* [Try it]
The answer must be an exact copy of the records, with every picture removed.

* [Source records]
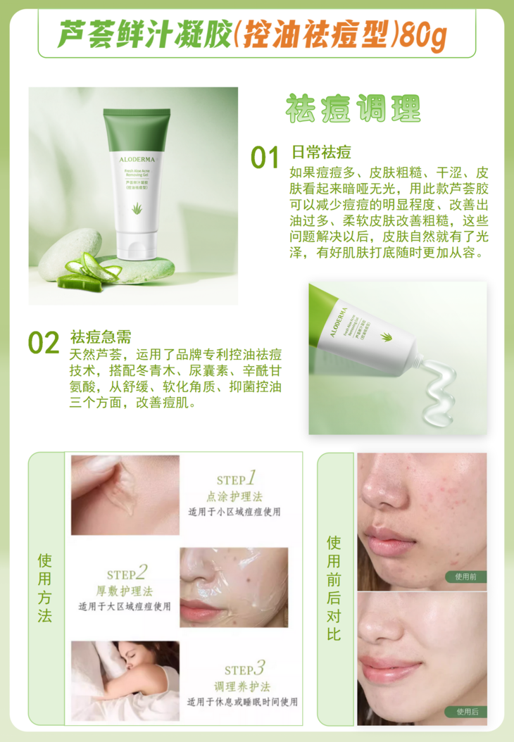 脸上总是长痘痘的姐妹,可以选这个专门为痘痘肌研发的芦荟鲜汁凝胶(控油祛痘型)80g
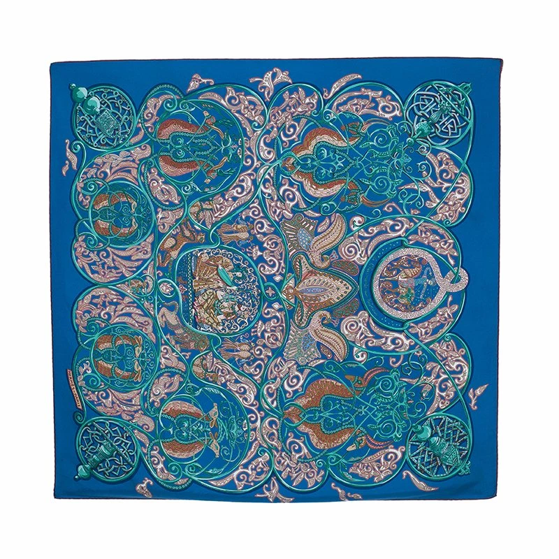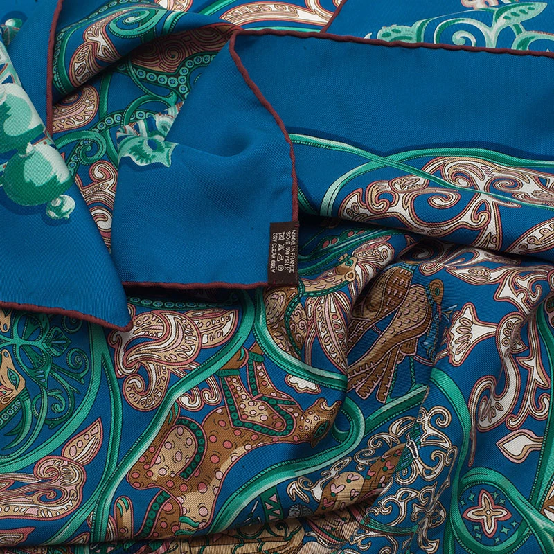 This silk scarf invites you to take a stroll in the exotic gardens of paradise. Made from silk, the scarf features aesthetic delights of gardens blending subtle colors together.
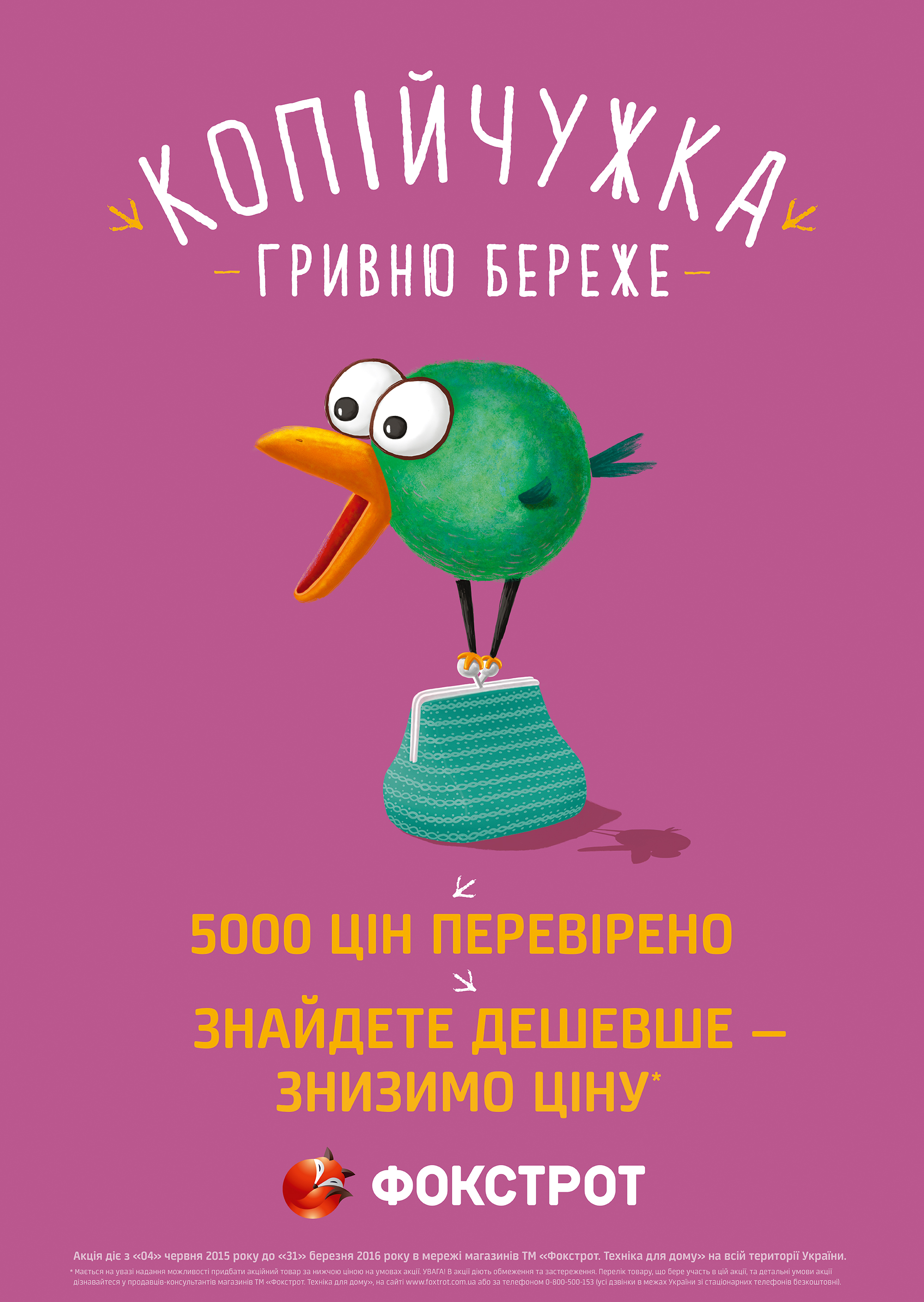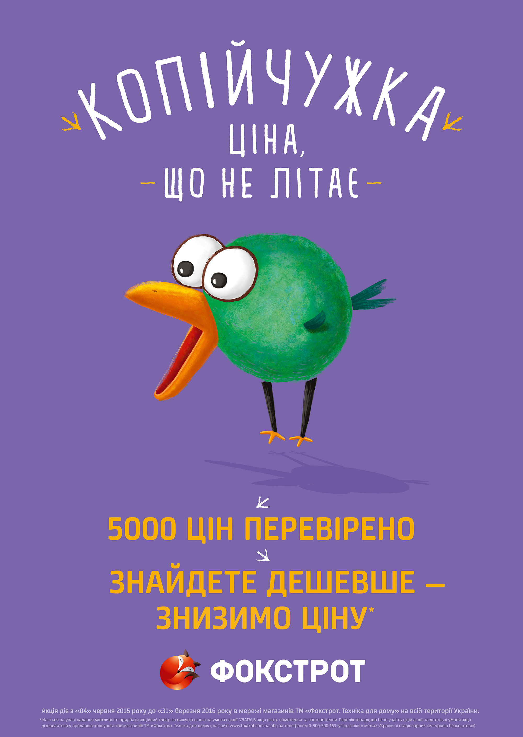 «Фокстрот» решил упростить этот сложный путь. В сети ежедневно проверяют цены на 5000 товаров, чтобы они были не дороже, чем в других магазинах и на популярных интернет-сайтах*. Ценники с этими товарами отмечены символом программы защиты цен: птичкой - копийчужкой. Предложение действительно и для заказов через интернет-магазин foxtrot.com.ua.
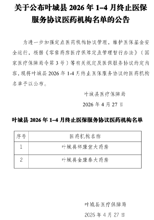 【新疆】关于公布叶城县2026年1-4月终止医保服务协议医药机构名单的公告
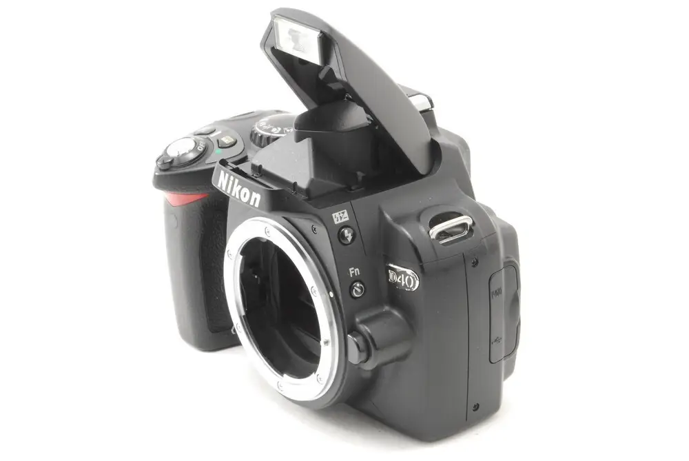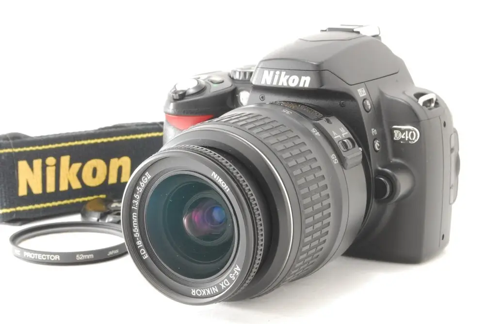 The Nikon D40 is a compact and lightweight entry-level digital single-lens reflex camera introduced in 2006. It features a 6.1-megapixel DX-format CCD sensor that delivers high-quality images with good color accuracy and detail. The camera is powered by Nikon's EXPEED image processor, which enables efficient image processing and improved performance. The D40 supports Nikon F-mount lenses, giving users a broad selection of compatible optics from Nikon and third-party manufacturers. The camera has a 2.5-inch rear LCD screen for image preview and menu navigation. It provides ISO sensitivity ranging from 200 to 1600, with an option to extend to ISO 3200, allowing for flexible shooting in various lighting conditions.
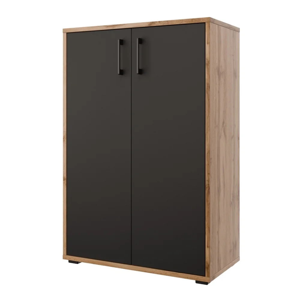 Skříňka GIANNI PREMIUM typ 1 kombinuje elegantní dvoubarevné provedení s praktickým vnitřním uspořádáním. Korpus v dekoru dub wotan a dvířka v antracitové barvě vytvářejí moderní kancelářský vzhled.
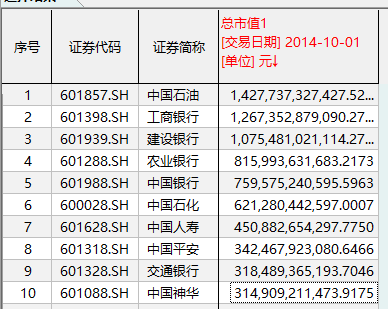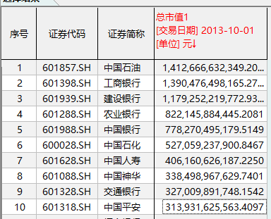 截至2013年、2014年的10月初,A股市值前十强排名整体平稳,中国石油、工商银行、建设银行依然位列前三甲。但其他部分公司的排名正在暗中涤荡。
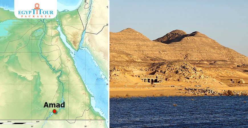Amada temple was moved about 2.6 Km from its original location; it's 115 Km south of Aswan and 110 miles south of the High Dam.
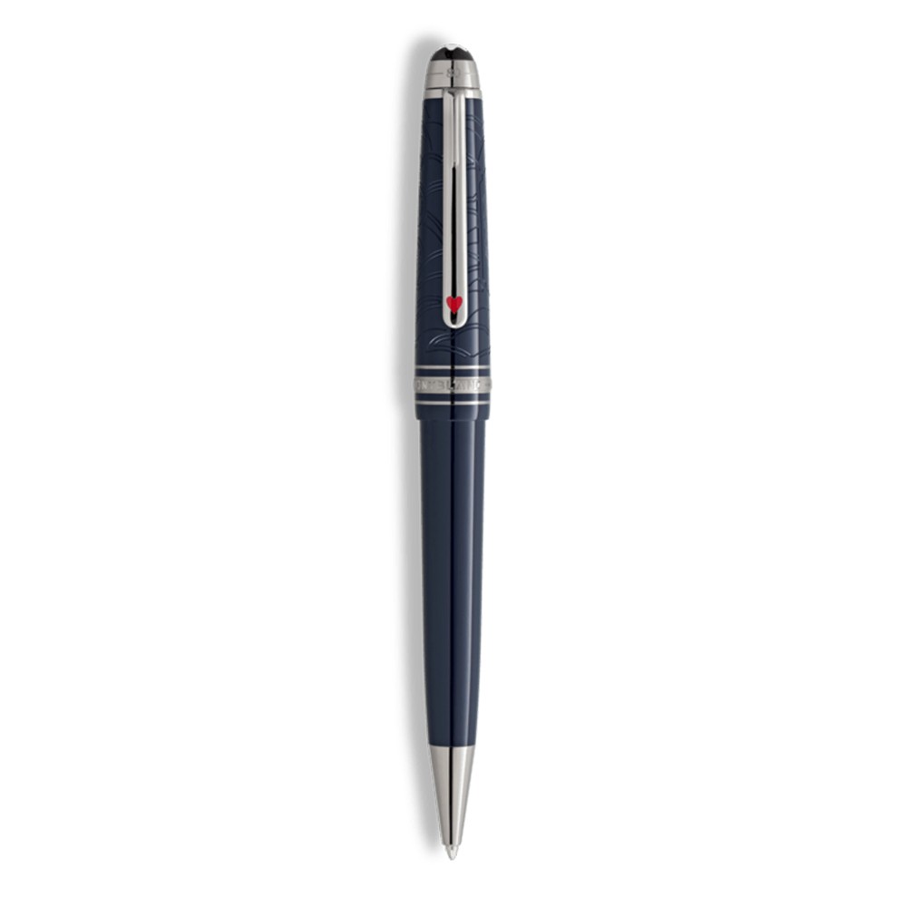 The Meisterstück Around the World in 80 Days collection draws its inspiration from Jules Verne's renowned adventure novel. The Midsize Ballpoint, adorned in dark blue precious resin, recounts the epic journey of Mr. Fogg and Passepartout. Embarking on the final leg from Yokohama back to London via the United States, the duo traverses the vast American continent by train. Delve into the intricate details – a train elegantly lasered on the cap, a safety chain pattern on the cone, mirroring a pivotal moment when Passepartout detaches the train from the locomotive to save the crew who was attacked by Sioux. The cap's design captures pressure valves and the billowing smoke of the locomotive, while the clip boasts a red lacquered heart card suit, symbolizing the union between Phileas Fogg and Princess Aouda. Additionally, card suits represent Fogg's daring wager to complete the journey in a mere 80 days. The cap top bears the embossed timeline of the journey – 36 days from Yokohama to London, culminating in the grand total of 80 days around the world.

* [Response area]
 脸上总是长痘痘的姐妹,可以选这个专门为痘痘肌研发的芦荟鲜汁凝胶(控油祛痘型)80g
 This silk scarf invites you to take a stroll in the exotic gardens of paradise. Made from silk, the scarf features aesthetic delights of gardens blending subtle colors together.
 «Фокстрот» решил упростить этот сложный путь. В сети ежедневно проверяют цены на 5000 товаров, чтобы они были не дороже, чем в других магазинах и на популярных интернет-сайтах*. Ценники с этими товарами отмечены символом программы защиты цен: птичкой - копийчужкой. Предложение действительно и для заказов через интернет-магазин foxtrot.com.ua.
 【新疆】关于公布叶城县2026年1-4月终止医保服务协议医药机构名单的公告
 The Nikon D40 is a compact and lightweight entry-level digital single-lens reflex camera introduced in 2006. It features a 6.1-megapixel DX-format CCD sensor that delivers high-quality images with good color accuracy and detail. The camera is powered by Nikon's EXPEED image processor, which enables efficient image processing and improved performance. The D40 supports Nikon F-mount lenses, giving users a broad selection of compatible optics from Nikon and third-party manufacturers. The camera has a 2.5-inch rear LCD screen for image preview and menu navigation. It provides ISO sensitivity ranging from 200 to 1600, with an option to extend to ISO 3200, allowing for flexible shooting in various lighting conditions.
 Skříňka GIANNI PREMIUM typ 1 kombinuje elegantní dvoubarevné provedení s praktickým vnitřním uspořádáním. Korpus v dekoru dub wotan a dvířka v antracitové barvě vytvářejí moderní kancelářský vzhled.
 截至2013年、2014年的10月初,A股市值前十强排名整体平稳,中国石油、工商银行、建设银行依然位列前三甲。但其他部分公司的排名正在暗中涤荡。
Amada temple was moved about 2.6 Km from its original location; it's 115 Km south of Aswan and 110 miles south of the High Dam.
 The Meisterstück Around the World in 80 Days collection draws its inspiration from Jules Verne's renowned adventure novel. The Midsize Ballpoint, adorned in dark blue precious resin, recounts the epic journey of Mr. Fogg and Passepartout. Embarking on the final leg from Yokohama back to London via the United States, the duo traverses the vast American continent by train. Delve into the intricate details – a train elegantly lasered on the cap, a safety chain pattern on the cone, mirroring a pivotal moment when Passepartout detaches the train from the locomotive to save the crew who was attacked by Sioux. The cap's design captures pressure valves and the billowing smoke of the locomotive, while the clip boasts a red lacquered heart card suit, symbolizing the union between Phileas Fogg and Princess Aouda. Additionally, card suits represent Fogg's daring wager to complete the journey in a mere 80 days. The cap top bears the embossed timeline of the journey – 36 days from Yokohama to London, culminating in the grand total of 80 days around the world.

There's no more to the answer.